The FDA made the announcement Thursday, saying it has received reports of death and serious injuries caused by the teething jewelry, including strangulation and choking. In one case, the FDA says an 18-month-old  boy was strangled to death by his amber teething necklace during a nap.

The products in question are produced and sold by a large number of manufacturers and individuals. The beads of the products may be made with various materials such as amber, wood, marble or silicone.

“We know that teething necklaces and jewelry products have become increasingly popular among parents and caregivers who want to provide relief for children’s teething pain and sensory stimulation for children with special needs,” said FDA Commissioner Scott Gottlieb, M.D. “We’re concerned about the risks we’ve observed with these products and want parents to be aware that teething jewelry puts children, including those with special needs, at risk of serious injury and death.”
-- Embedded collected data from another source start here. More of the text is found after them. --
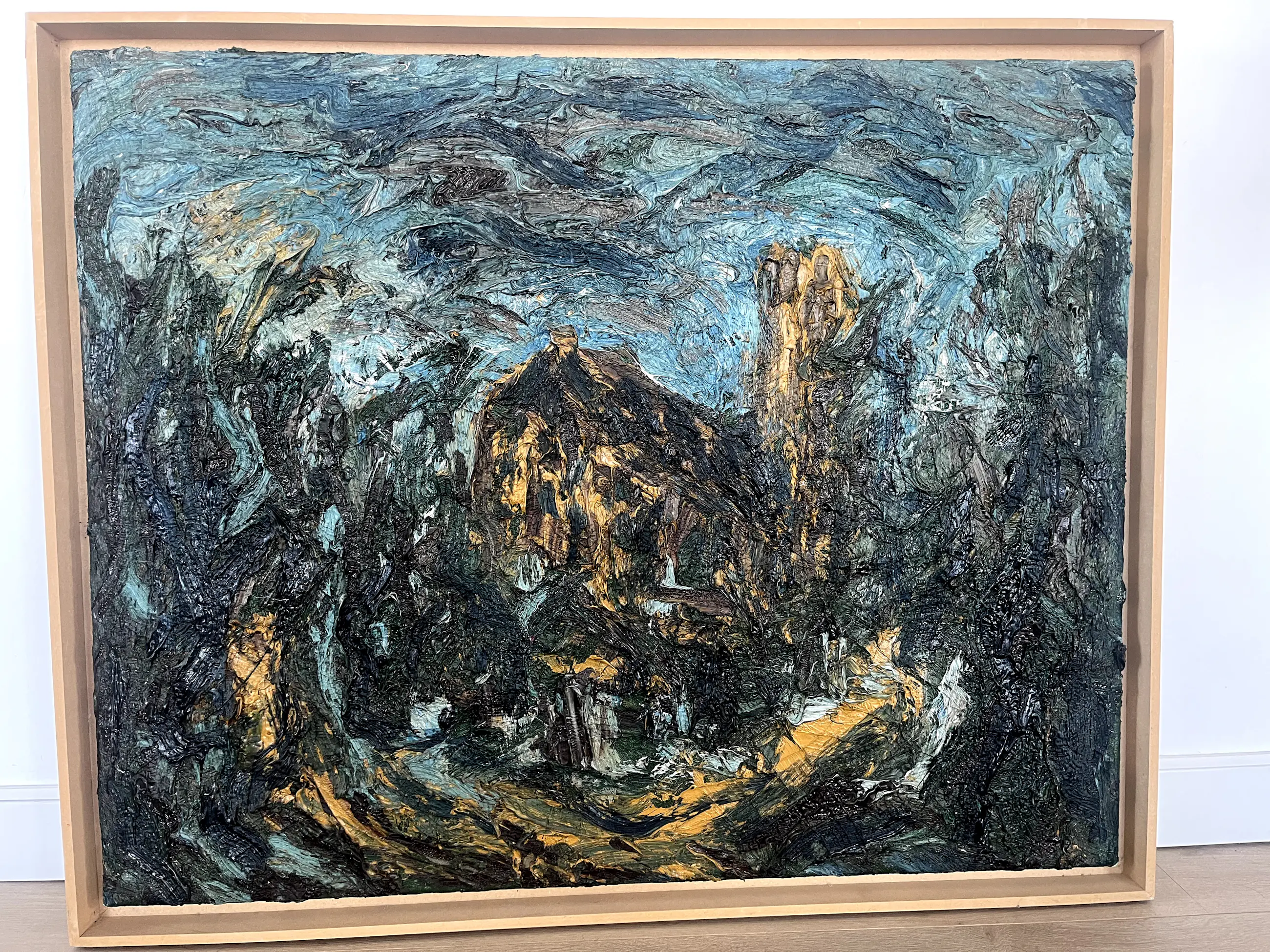 Mooi werk van de Kerk van Muiderberg bij zee. Herkenbare dikke verf in blauw, grijs, zwart en geel kleuren (vooral die laatste komt op foto minder duidelijk uit). In baklijst.
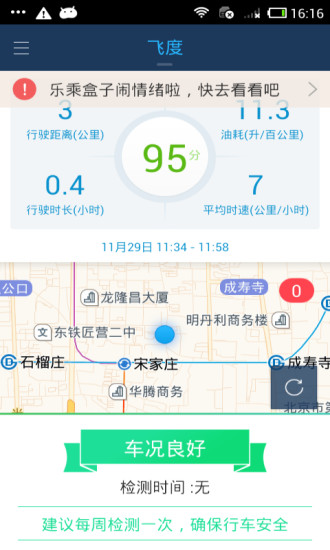 乐乘盒子app帮助用户轻松获得车辆监控、移位报警、震动报警、车辆定位、车况查询、行车费用分析、车务提醒、行车轨迹、故障扫描、远程诊断、保养提醒等用车养车功能而成为了车主们行车过程中的智慧行车助手。有了乐乘app违章查询、养车闹钟、救援雷达、上门检测、车辆档案等一手掌握。
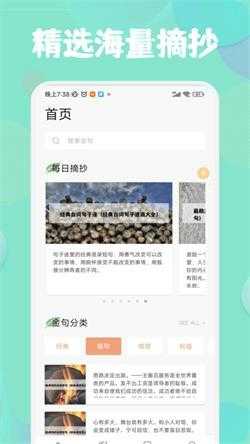 4、首页设有每日摘抄区块和金句分类区块,方便用户快速选择所需内容,提高使用效率;

The FDA says choking can happen if the jewelry breaks and a small bead enters the child’s throat or airway. Strangulation can occur if a necklace is wrapped too tightly around the child’s neck or if the necklace catches an object such as a crib. Other concerns include injury to the mouth or infection if a piece of the jewelry irritates or pierces the child’s gums.

In addition to choking and strangulation concerns, amber teething necklaces contain a substance called succinic acid, which allegedly may be released into an infant’s blood stream in unknown quantities.

“Consumers should consider following the American Academy of Pediatrics’ recommendations of alternative ways for treating teething pain, such as rubbing inflamed gums with a clean finger or using a teething ring made of firm rubber,” said Gottlieb. “Given the breadth of the market for these teething necklaces and jewelry, we’re sharing this important safety information directly to consumers in order to help prevent injuries in infants and kids.”

The FDA encourages consumers and health care professionals to report injuries or adverse events that occur from using teething jewelry by filing a report at 1-800-FDA-1088 or online at MedWatch, the FDA Safety Information and Adverse Event Reporting program.